INSTRUCTIONS TO FOLLOW:
Once you find the line containing "de nouveaux vœux).", set down exactly that line and every one after it through the end of the listing below, with both ends included and any pictures omitted.

GIVEN MATERIAL:
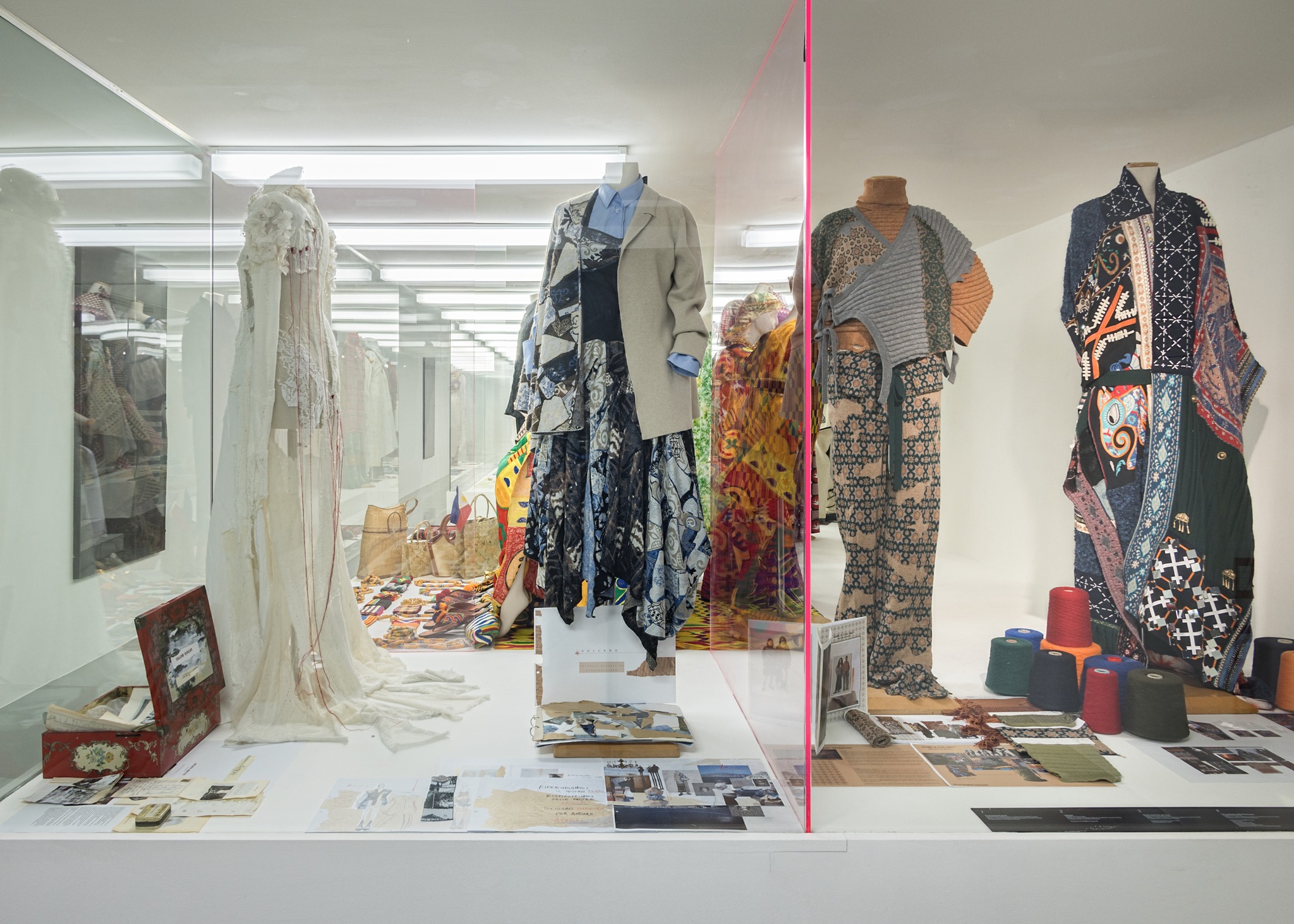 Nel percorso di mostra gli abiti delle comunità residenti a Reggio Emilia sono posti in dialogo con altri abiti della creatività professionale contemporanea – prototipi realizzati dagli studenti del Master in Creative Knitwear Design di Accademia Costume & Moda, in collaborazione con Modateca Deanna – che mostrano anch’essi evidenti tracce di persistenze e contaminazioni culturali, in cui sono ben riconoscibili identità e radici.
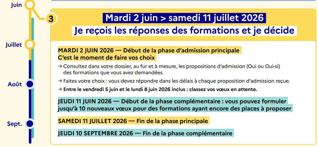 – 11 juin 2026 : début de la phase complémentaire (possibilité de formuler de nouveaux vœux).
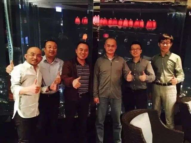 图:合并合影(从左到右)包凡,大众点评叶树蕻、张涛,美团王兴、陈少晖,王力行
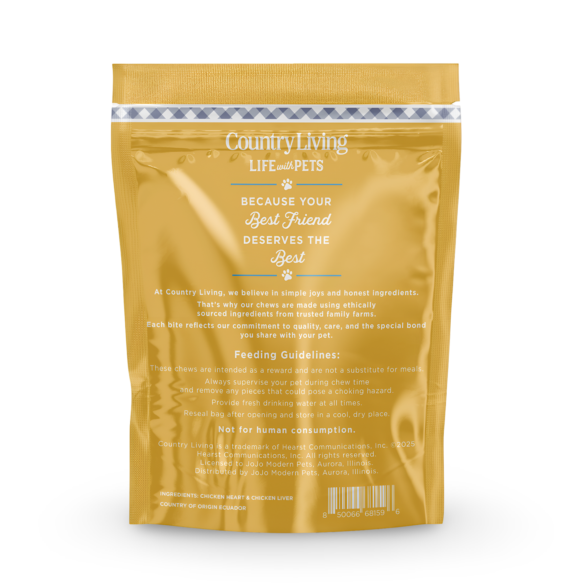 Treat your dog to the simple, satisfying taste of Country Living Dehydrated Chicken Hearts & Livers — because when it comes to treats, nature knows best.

OUTPUT OF THE TASK:
 – 11 juin 2026 : début de la phase complémentaire (possibilité de formuler de nouveaux vœux).
 图:合并合影(从左到右)包凡,大众点评叶树蕻、张涛,美团王兴、陈少晖,王力行
 Treat your dog to the simple, satisfying taste of Country Living Dehydrated Chicken Hearts & Livers — because when it comes to treats, nature knows best.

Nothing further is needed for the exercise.